═════ Dataset records ═════
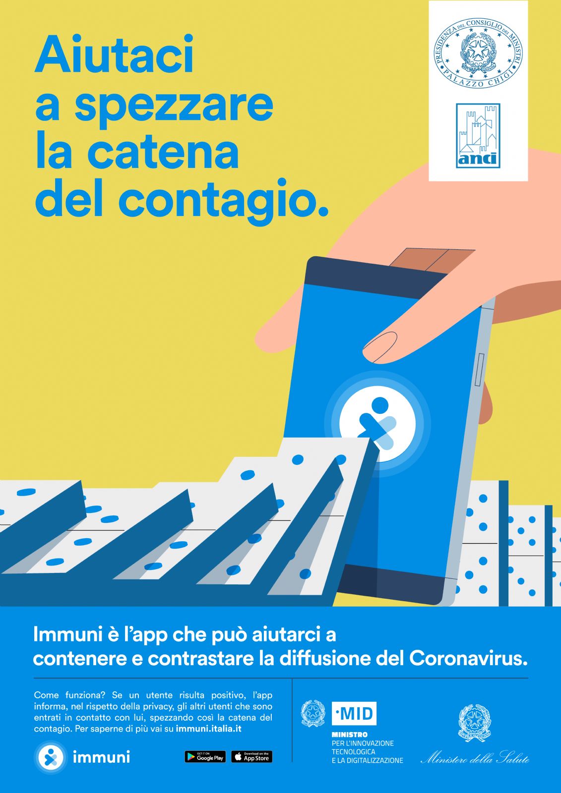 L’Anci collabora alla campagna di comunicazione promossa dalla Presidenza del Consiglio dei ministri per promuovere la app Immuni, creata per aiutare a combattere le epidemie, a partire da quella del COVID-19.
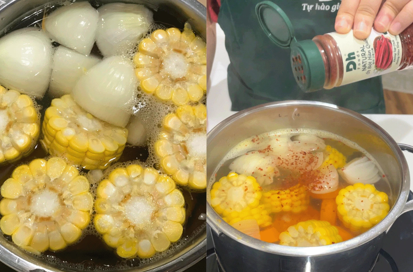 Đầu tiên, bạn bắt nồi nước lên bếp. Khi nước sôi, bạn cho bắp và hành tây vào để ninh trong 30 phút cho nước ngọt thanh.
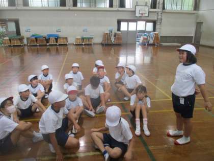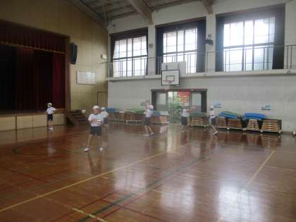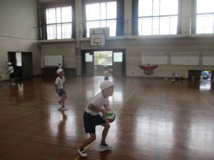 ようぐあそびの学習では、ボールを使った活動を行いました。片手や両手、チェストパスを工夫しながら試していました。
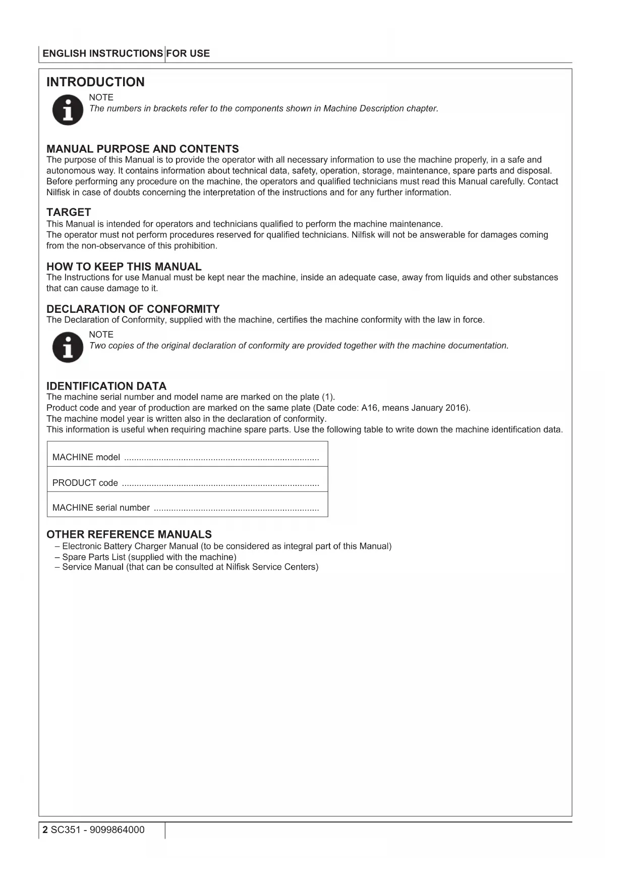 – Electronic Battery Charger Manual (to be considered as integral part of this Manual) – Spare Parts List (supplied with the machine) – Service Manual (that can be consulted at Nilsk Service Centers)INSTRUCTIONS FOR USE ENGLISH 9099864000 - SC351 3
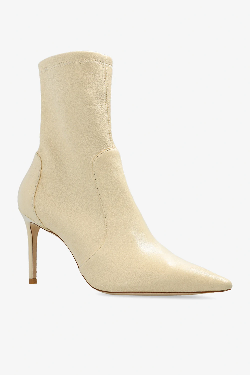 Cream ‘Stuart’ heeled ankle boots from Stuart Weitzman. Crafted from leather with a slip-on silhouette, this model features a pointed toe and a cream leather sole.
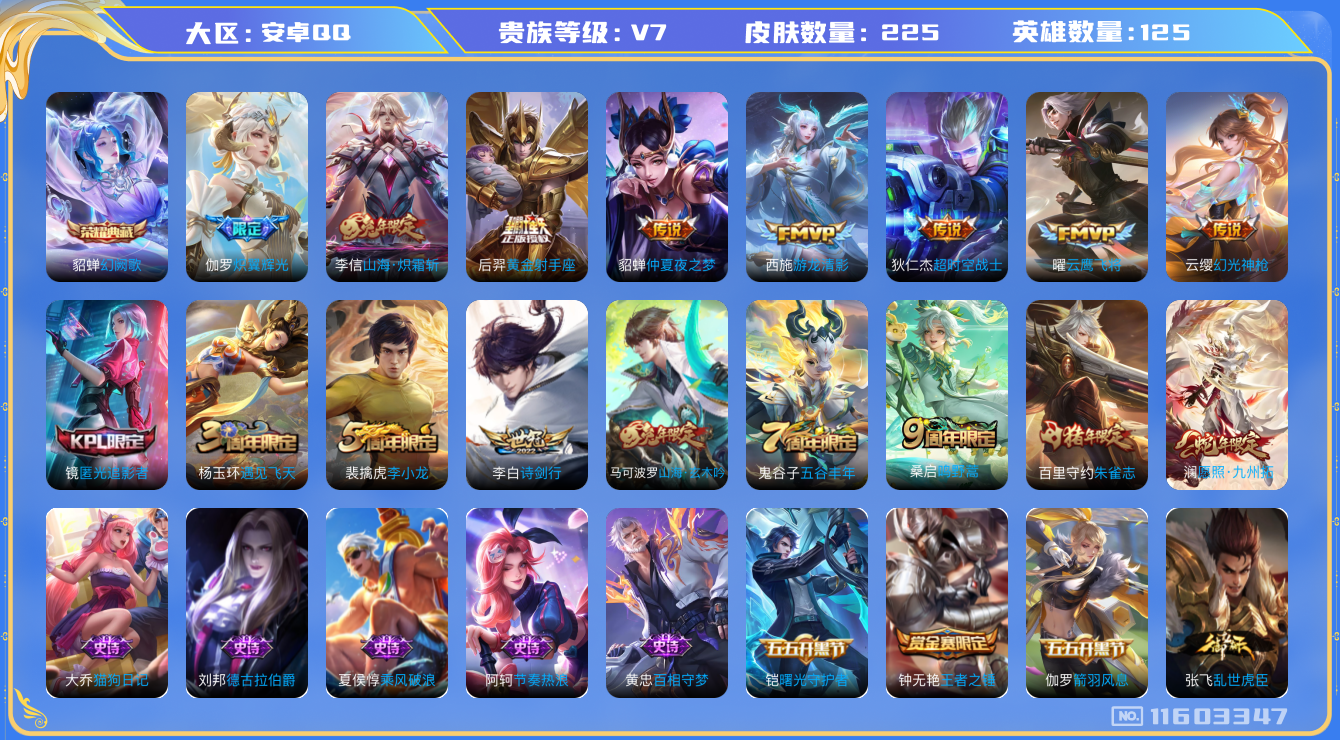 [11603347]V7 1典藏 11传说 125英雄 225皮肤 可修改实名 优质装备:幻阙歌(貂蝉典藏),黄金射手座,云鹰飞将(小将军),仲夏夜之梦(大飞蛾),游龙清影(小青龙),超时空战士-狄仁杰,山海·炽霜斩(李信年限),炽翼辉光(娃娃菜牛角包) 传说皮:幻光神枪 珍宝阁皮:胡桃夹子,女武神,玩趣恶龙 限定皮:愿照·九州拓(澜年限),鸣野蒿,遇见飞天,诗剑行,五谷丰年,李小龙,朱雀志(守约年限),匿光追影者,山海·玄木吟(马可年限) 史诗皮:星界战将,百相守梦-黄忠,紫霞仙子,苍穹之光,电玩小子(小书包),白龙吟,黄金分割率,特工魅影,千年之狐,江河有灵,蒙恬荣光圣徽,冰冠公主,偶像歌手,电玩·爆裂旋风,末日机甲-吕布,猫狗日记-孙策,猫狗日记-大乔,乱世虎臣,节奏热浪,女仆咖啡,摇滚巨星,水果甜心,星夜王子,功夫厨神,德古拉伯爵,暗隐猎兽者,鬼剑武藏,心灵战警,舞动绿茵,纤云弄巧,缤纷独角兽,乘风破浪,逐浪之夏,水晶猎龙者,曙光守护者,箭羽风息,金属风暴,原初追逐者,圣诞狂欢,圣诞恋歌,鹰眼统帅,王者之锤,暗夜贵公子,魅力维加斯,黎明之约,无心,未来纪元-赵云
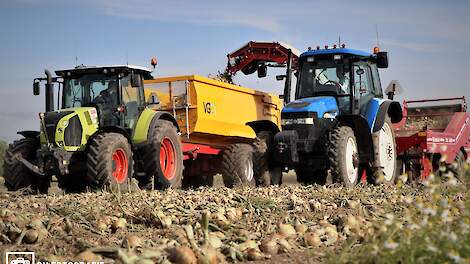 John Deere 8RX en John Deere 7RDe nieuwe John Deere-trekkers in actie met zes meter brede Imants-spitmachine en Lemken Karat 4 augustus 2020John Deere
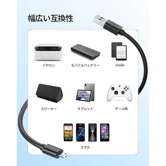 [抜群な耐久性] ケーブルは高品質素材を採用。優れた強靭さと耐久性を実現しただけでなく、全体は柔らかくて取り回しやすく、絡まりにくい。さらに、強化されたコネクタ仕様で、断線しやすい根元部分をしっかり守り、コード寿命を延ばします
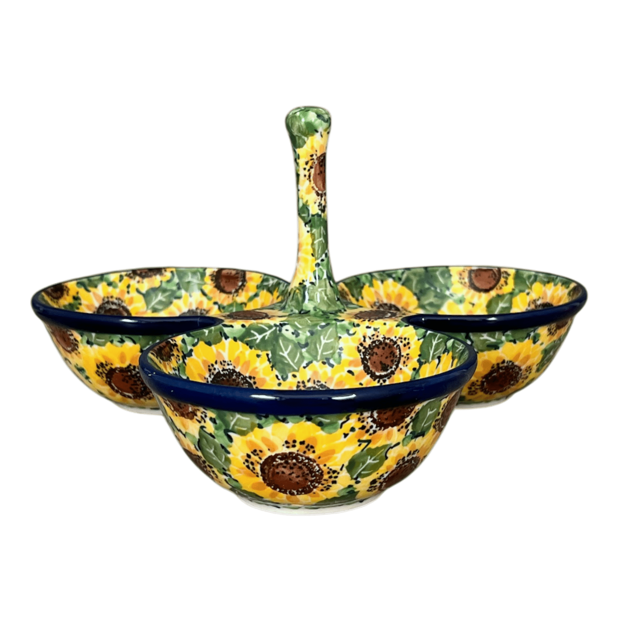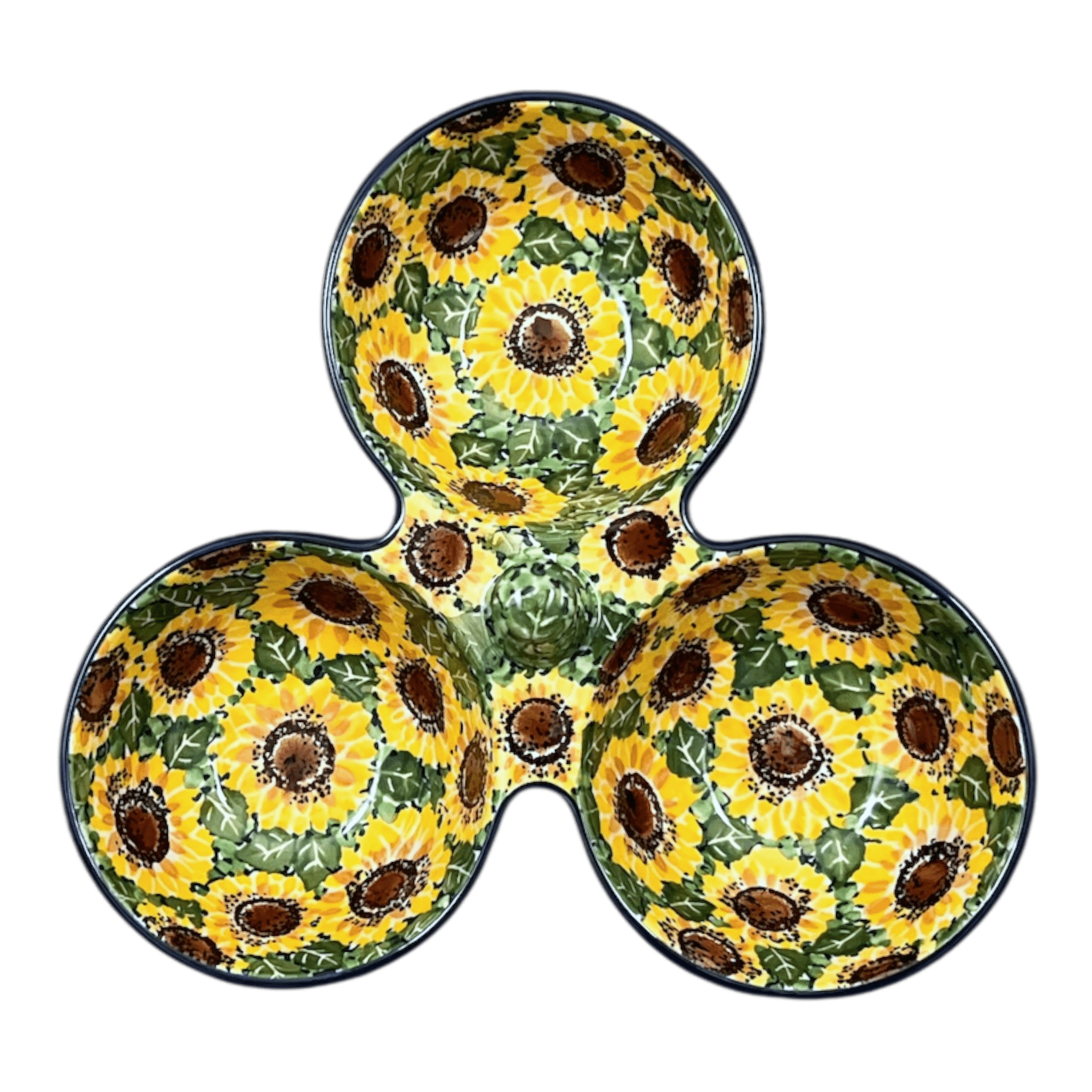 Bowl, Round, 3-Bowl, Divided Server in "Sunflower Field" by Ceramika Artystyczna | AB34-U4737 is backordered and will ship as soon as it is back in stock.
═════
### [Task]
Could you copy each line above exactly as written, minus any pictures?

### [Expected output]
 L’Anci collabora alla campagna di comunicazione promossa dalla Presidenza del Consiglio dei ministri per promuovere la app Immuni, creata per aiutare a combattere le epidemie, a partire da quella del COVID-19.
 Đầu tiên, bạn bắt nồi nước lên bếp. Khi nước sôi, bạn cho bắp và hành tây vào để ninh trong 30 phút cho nước ngọt thanh.
 ようぐあそびの学習では、ボールを使った活動を行いました。片手や両手、チェストパスを工夫しながら試していました。
 – Electronic Battery Charger Manual (to be considered as integral part of this Manual) – Spare Parts List (supplied with the machine) – Service Manual (that can be consulted at Nilsk Service Centers)INSTRUCTIONS FOR USE ENGLISH 9099864000 - SC351 3
 Cream ‘Stuart’ heeled ankle boots from Stuart Weitzman. Crafted from leather with a slip-on silhouette, this model features a pointed toe and a cream leather sole.
 [11603347]V7 1典藏 11传说 125英雄 225皮肤 可修改实名 优质装备:幻阙歌(貂蝉典藏),黄金射手座,云鹰飞将(小将军),仲夏夜之梦(大飞蛾),游龙清影(小青龙),超时空战士-狄仁杰,山海·炽霜斩(李信年限),炽翼辉光(娃娃菜牛角包) 传说皮:幻光神枪 珍宝阁皮:胡桃夹子,女武神,玩趣恶龙 限定皮:愿照·九州拓(澜年限),鸣野蒿,遇见飞天,诗剑行,五谷丰年,李小龙,朱雀志(守约年限),匿光追影者,山海·玄木吟(马可年限) 史诗皮:星界战将,百相守梦-黄忠,紫霞仙子,苍穹之光,电玩小子(小书包),白龙吟,黄金分割率,特工魅影,千年之狐,江河有灵,蒙恬荣光圣徽,冰冠公主,偶像歌手,电玩·爆裂旋风,末日机甲-吕布,猫狗日记-孙策,猫狗日记-大乔,乱世虎臣,节奏热浪,女仆咖啡,摇滚巨星,水果甜心,星夜王子,功夫厨神,德古拉伯爵,暗隐猎兽者,鬼剑武藏,心灵战警,舞动绿茵,纤云弄巧,缤纷独角兽,乘风破浪,逐浪之夏,水晶猎龙者,曙光守护者,箭羽风息,金属风暴,原初追逐者,圣诞狂欢,圣诞恋歌,鹰眼统帅,王者之锤,暗夜贵公子,魅力维加斯,黎明之约,无心,未来纪元-赵云
 John Deere 8RX en John Deere 7RDe nieuwe John Deere-trekkers in actie met zes meter brede Imants-spitmachine en Lemken Karat 4 augustus 2020John Deere
 [抜群な耐久性] ケーブルは高品質素材を採用。優れた強靭さと耐久性を実現しただけでなく、全体は柔らかくて取り回しやすく、絡まりにくい。さらに、強化されたコネクタ仕様で、断線しやすい根元部分をしっかり守り、コード寿命を延ばします
 Bowl, Round, 3-Bowl, Divided Server in "Sunflower Field" by Ceramika Artystyczna | AB34-U4737 is backordered and will ship as soon as it is back in stock.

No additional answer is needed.